Information given section start

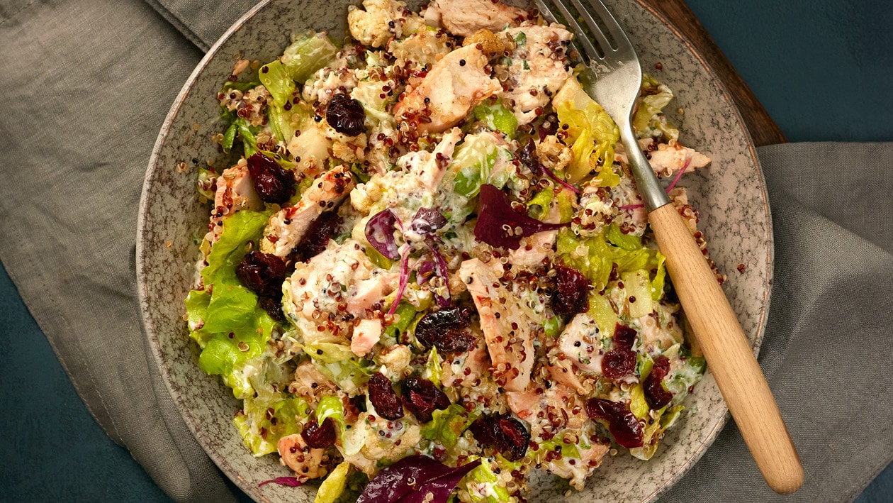 3. Add the cooked quinoa, cranberries, cooked peri-peri chicken, cos lettuce leaves and cooked cauliflower.
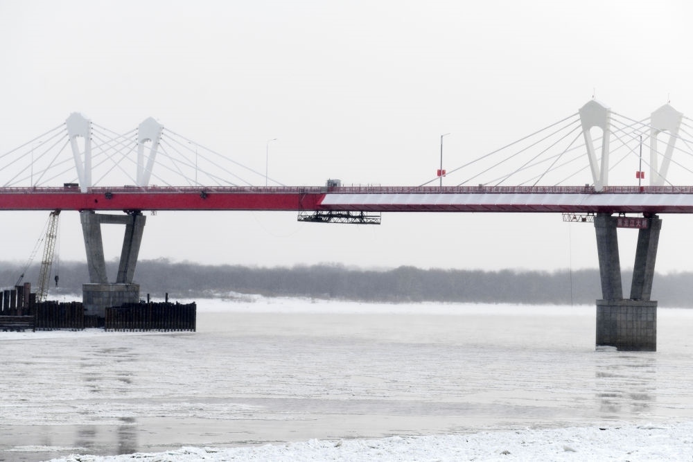 ↑這是中俄首座跨黑龍江公路大橋黑河-布拉戈維申斯克公路橋。這座大橋是兩國(guó)元首共同關(guān)心推動(dòng)的重大跨境基礎(chǔ)設(shè)施項(xiàng)目,它的開通在中國(guó)東北地區(qū)和俄羅斯遠(yuǎn)東地區(qū)之間開辟新的國(guó)際運(yùn)輸通道,成為中俄跨境互聯(lián)互通建設(shè)的標(biāo)志。
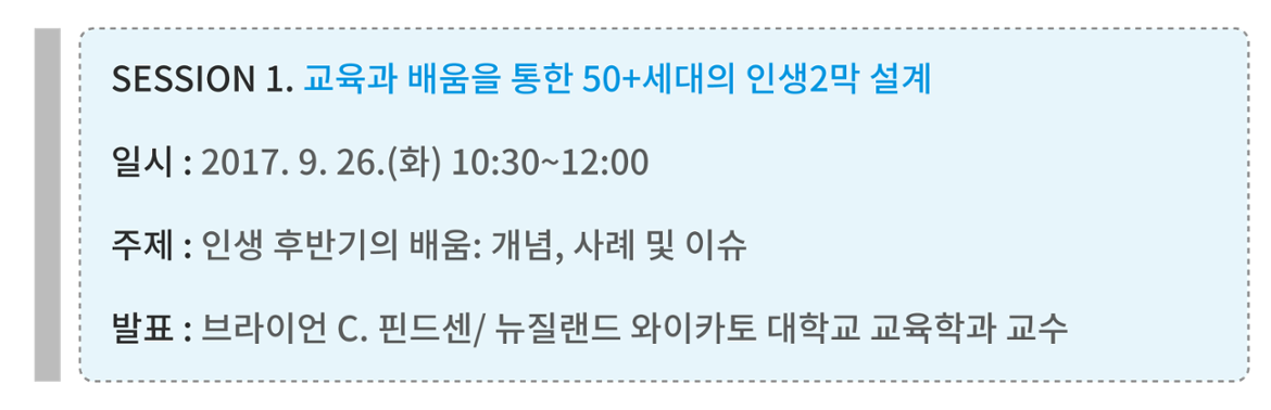 두 번째, 후반기의 배움은 개인적 만족을 위해서 필요하기도 하다. 배움 그 자체로도 충분히 가치 있는 일이라는 생각을 공유하고 개인적인 성장을 목표로 한다. 아이디어가 풍부하고 회복력이 강한 중고령자가 되기 위한 배움을 계속해야 한다.
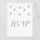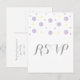 Carte postale Confetti Response, mignonne et tendance, avec des points de confetti amusants en violet et jaune. Cette carte RSVP simple et moderne peut être facilement customisée avec vos informations de mariage. Pour plus d'options de personnalisation, cliquez sur Customiser.
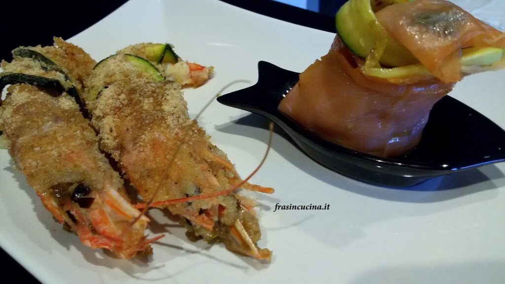 Gamberi gratinati e involtini di salmone

Information given section end

**Task directions**: Give back each of the records above word for word, apart from the pictures.

**Result of the exercise**:
 3. Add the cooked quinoa, cranberries, cooked peri-peri chicken, cos lettuce leaves and cooked cauliflower.
 ↑這是中俄首座跨黑龍江公路大橋黑河-布拉戈維申斯克公路橋。這座大橋是兩國(guó)元首共同關(guān)心推動(dòng)的重大跨境基礎(chǔ)設(shè)施項(xiàng)目,它的開通在中國(guó)東北地區(qū)和俄羅斯遠(yuǎn)東地區(qū)之間開辟新的國(guó)際運(yùn)輸通道,成為中俄跨境互聯(lián)互通建設(shè)的標(biāo)志。
 두 번째, 후반기의 배움은 개인적 만족을 위해서 필요하기도 하다. 배움 그 자체로도 충분히 가치 있는 일이라는 생각을 공유하고 개인적인 성장을 목표로 한다. 아이디어가 풍부하고 회복력이 강한 중고령자가 되기 위한 배움을 계속해야 한다.
 Carte postale Confetti Response, mignonne et tendance, avec des points de confetti amusants en violet et jaune. Cette carte RSVP simple et moderne peut être facilement customisée avec vos informations de mariage. Pour plus d'options de personnalisation, cliquez sur Customiser.
 Gamberi gratinati e involtini di salmone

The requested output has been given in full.